By Jennifer Nine
(Recommended album)
That's Magnapop, of course, smiling from the get-go. The sly title comes courtesy of Ruth Morris, the girl who makes girls dream of *universes* of guitars. And boys stand around mumbling "Aww, Ruuuthie...shakin' her sweaty hai-yur" with a look of unutterable longing (as two boys in Atlanta once did in front of me). So if Ruth, caught astride a rush of guitar-string friction that makes old-school masseuses look workshy, says rubbing doesn't help...
It's cos rubbing's only part of it, of course. If there's a perfect Magnapop set waiting to tumble out like shiny, wriggling things from a satchel, this LP contains most of it, in lucky bag order.
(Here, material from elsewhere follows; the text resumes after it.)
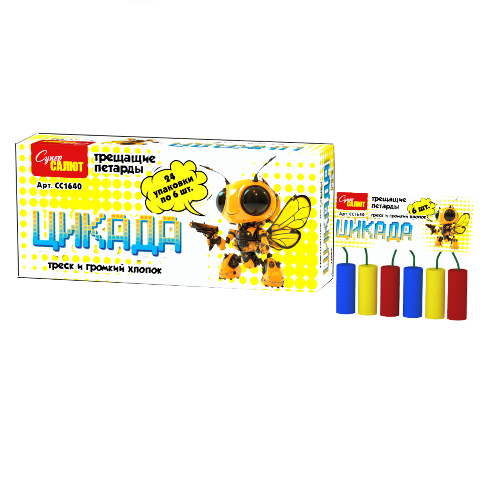 Петарда "Цикада" — это уникальное сочетание двух эффектов: сначала веселый треск, а затем громкий хлопок. В упаковке 6 штук, что делает её отличным выбором для тех, кто хочет разнообразить классические хлопки чем-то необычным. Идеально подходит для создания интриги и дополнительного веселья.

There's more rubbing, in the punk pop of "Cherry Bomb" with its surf-hook strapped on tight or the sussed, spark-flicking "An Apology". There's more secrets, from the crawling, empty-glass insinuatin of hidden track "Suck It Up", to the surreal dream logic and sweet southern ring of "My Best Friend". And there are more voices: Ruth's now singing along with Linda, stacking up harmonies that mesh like your own two hands.
That's Linda Hopper, of course, the girl who sings like she's riding a fairground horse as the band spin past, rocking her blonde head as she skates through the sparkle and grit. Finally caught up close and unadorned on record, she has a voice you could soak in like a hot mineral bath: softly heartbroken on "Dead Letter", snakily deliberate on "Juicy Fruit", guilelessly spring-clear on the sad, joyous "Open The Door".
Lazy and light-fingered, raw and rattling. Magnapop, of course: they're not famous or anything, they're just *good*.
The warm, generous sound of like-nobody-else.